**Task to carry out**
Where an image occurs, skip it and print the rest of the records verbatim.
------
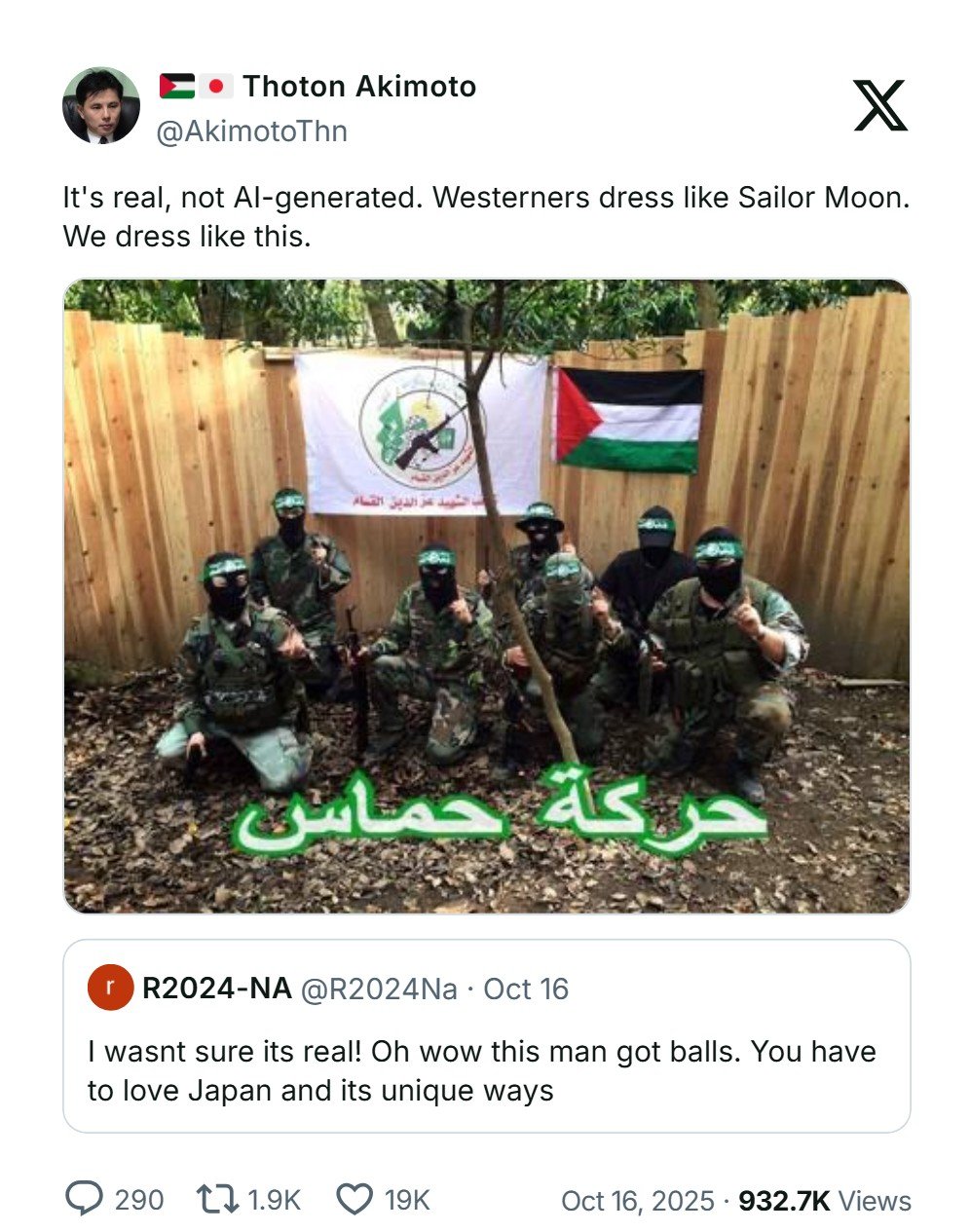 Beberapa foto dan video dibagikan secara daring yang memperlihatkan warga negara Jepang mengenakan perlengkapan kamuflase militer lengkap, di samping ikat kepala hijau khas pejuang Hamas.
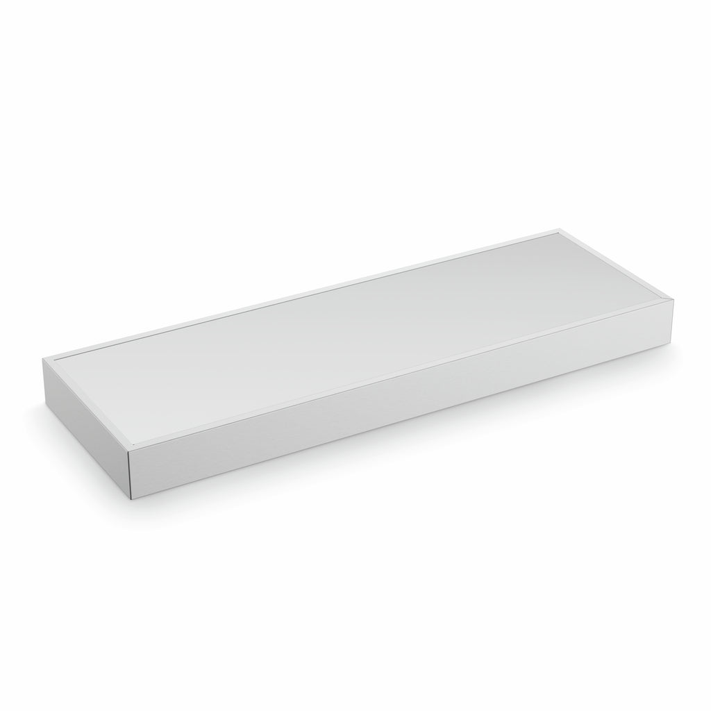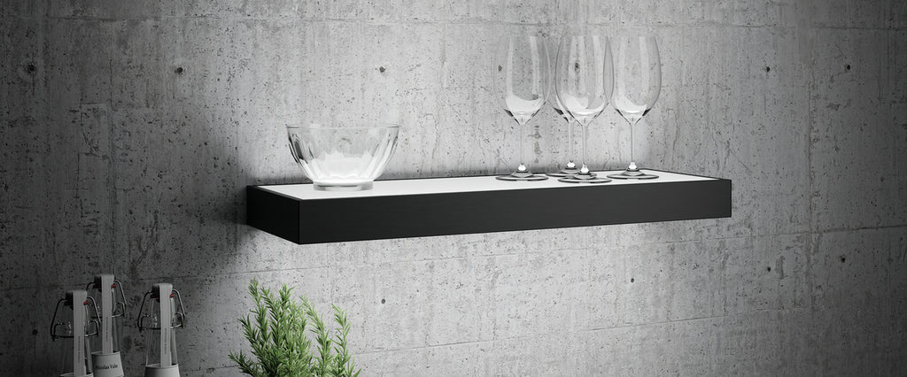 Ein besonderes Ambientelicht lässt sich mit dem LED-Lichtboden Lista 50 inklusive Farbwechsler in der Küche realisieren. Das moderne, rechteckige Wandregal setzt Gläser oder andere Objekte dekorativ in Szene. Es ist mit einer LED-Beleuchtung ausgestattet, die für eine gleichmäßige Ausleuchtung über die gesamte Breite sorgt. Dabei strahlt sie gleichzeitig nach oben und unten. Die Basis bildet ein robustes Aluminiumgehäuse, das in unterschiedlichen Farbgestaltungen zur Auswahl steht. Es verfügt beidseitig über ein mattiertes Sicherheitsglas. Die fest eingebauten LEDs der Energieeffizienzklasse G lassen sich stufenlos in der Lichtfarbe von Warmweiß mit 2700 K bis Tageslichtweiß mit 6500 K regeln. Ihre Leistung beträgt bis zu 64 Lumen je Watt. Zur Auswahl stehen verschiedene Breiten von 45 bis 120 cm, die von 3,1 bis 9 W leisten. Komplettiert wird der Lieferumfang durch eine 200 cm lange Zuleitung mit Ministecksystem. Der Leuchtboden kann bis zu einer Bodentiefe von 20 cm freihängend und inklusive Neigungsverstellung montiert werden. Dabei verbergen sich die Schrauben unsichtbar in der Rückseite. Die LED-Leuchte lässt sich mit den optional erhältlichen Konvertern und Steuerungselementen aus dem smarten LUMICA LIC/MEC LED-System kombinieren. Diese ermöglichen eine Wunschlichtregelung per Smartphone, Fernbedienung oder Sprachsteuerung.
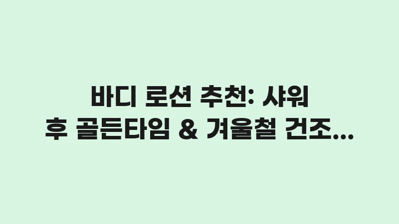 겨울철 바디 피부 관리는 ‘타이밍’과 ‘성분’ 싸움입니다. 오늘부터 샤워 후 욕실 문을 열고 나오기 전에 보습제를 바르는 습관을 들여보세요. 3분의 투자가 밤새 당신을 괴롭히던 가려움증을 잠재우고, 매끄러운 피부를 선물해 줄 것입니다.
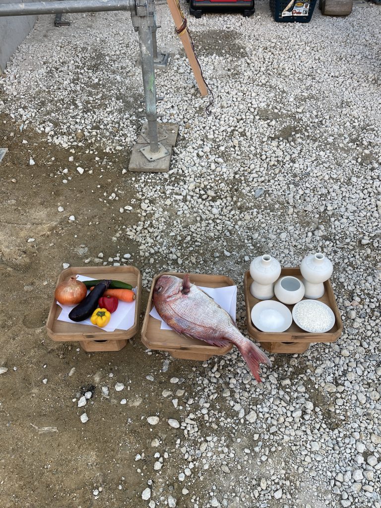 上棟作業が終わると、お客様にご用意いただいたお供えものをお家の最頂上部に飾り、無事棟が上がったお祝いと、お客様と一緒にこれからの工事の安全とお客様の弥栄を祈ります。
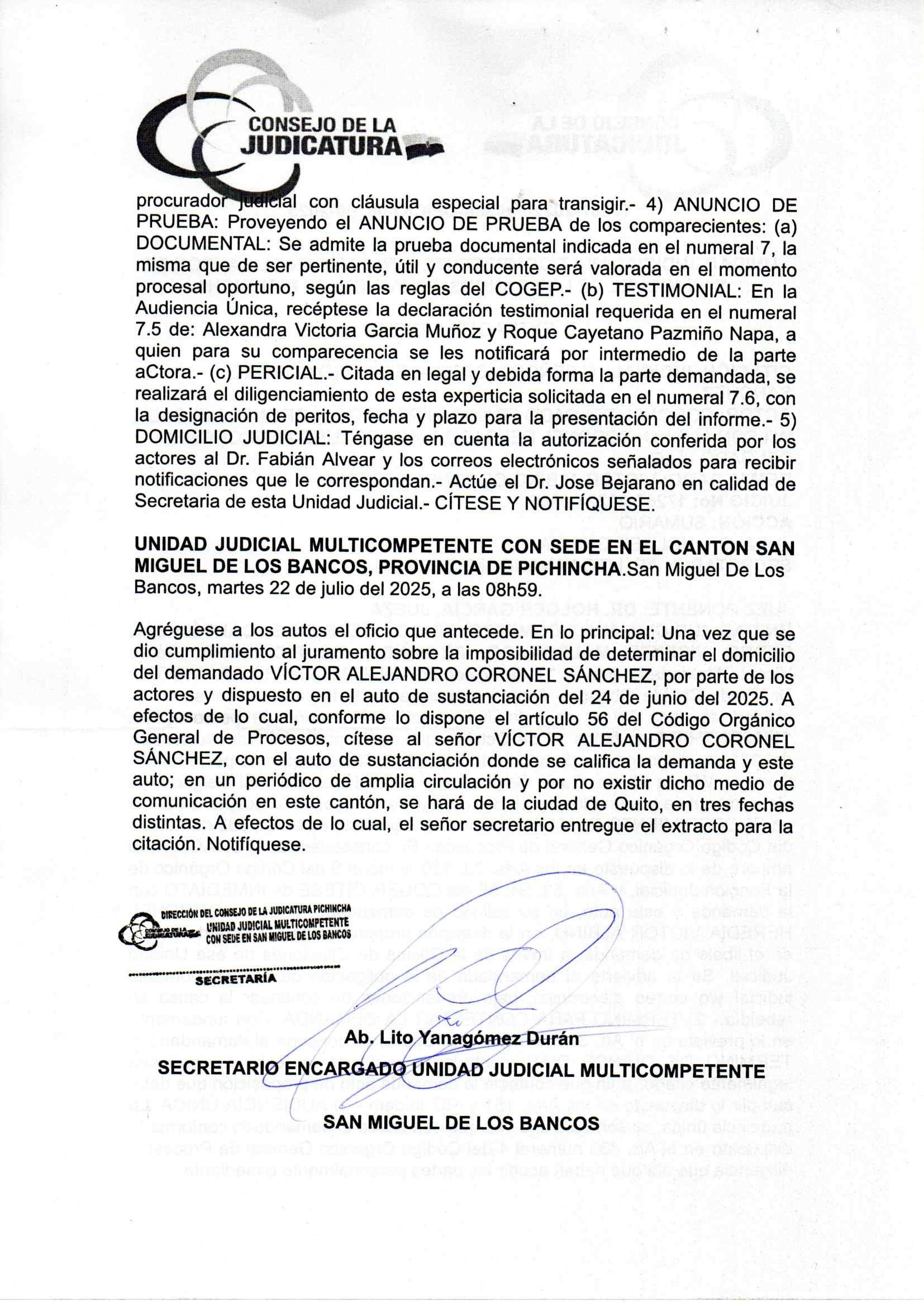 CITACIÓN JUDICIAL: AL SEÑOR VÍCTOR ALEJANDRO CORONEL SANCHEZ.
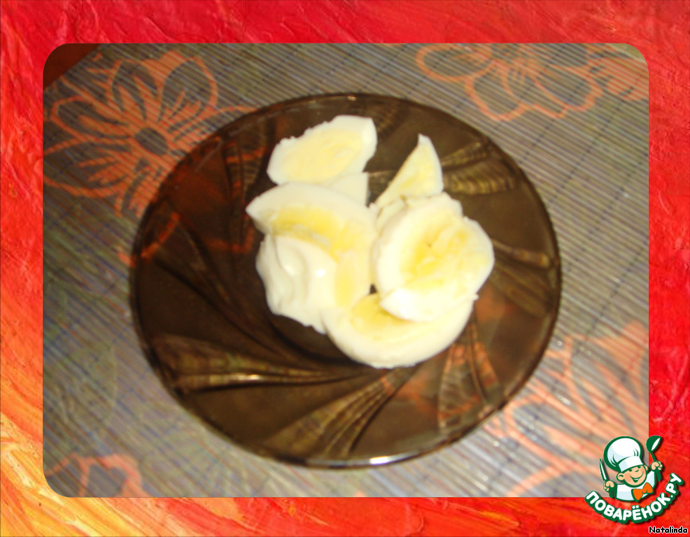 Яйцо режем дольками.
------
**Answer to this exercise**
 Beberapa foto dan video dibagikan secara daring yang memperlihatkan warga negara Jepang mengenakan perlengkapan kamuflase militer lengkap, di samping ikat kepala hijau khas pejuang Hamas.
 Ein besonderes Ambientelicht lässt sich mit dem LED-Lichtboden Lista 50 inklusive Farbwechsler in der Küche realisieren. Das moderne, rechteckige Wandregal setzt Gläser oder andere Objekte dekorativ in Szene. Es ist mit einer LED-Beleuchtung ausgestattet, die für eine gleichmäßige Ausleuchtung über die gesamte Breite sorgt. Dabei strahlt sie gleichzeitig nach oben und unten. Die Basis bildet ein robustes Aluminiumgehäuse, das in unterschiedlichen Farbgestaltungen zur Auswahl steht. Es verfügt beidseitig über ein mattiertes Sicherheitsglas. Die fest eingebauten LEDs der Energieeffizienzklasse G lassen sich stufenlos in der Lichtfarbe von Warmweiß mit 2700 K bis Tageslichtweiß mit 6500 K regeln. Ihre Leistung beträgt bis zu 64 Lumen je Watt. Zur Auswahl stehen verschiedene Breiten von 45 bis 120 cm, die von 3,1 bis 9 W leisten. Komplettiert wird der Lieferumfang durch eine 200 cm lange Zuleitung mit Ministecksystem. Der Leuchtboden kann bis zu einer Bodentiefe von 20 cm freihängend und inklusive Neigungsverstellung montiert werden. Dabei verbergen sich die Schrauben unsichtbar in der Rückseite. Die LED-Leuchte lässt sich mit den optional erhältlichen Konvertern und Steuerungselementen aus dem smarten LUMICA LIC/MEC LED-System kombinieren. Diese ermöglichen eine Wunschlichtregelung per Smartphone, Fernbedienung oder Sprachsteuerung.
 겨울철 바디 피부 관리는 ‘타이밍’과 ‘성분’ 싸움입니다. 오늘부터 샤워 후 욕실 문을 열고 나오기 전에 보습제를 바르는 습관을 들여보세요. 3분의 투자가 밤새 당신을 괴롭히던 가려움증을 잠재우고, 매끄러운 피부를 선물해 줄 것입니다.
 上棟作業が終わると、お客様にご用意いただいたお供えものをお家の最頂上部に飾り、無事棟が上がったお祝いと、お客様と一緒にこれからの工事の安全とお客様の弥栄を祈ります。
 CITACIÓN JUDICIAL: AL SEÑOR VÍCTOR ALEJANDRO CORONEL SANCHEZ.
 Яйцо режем дольками.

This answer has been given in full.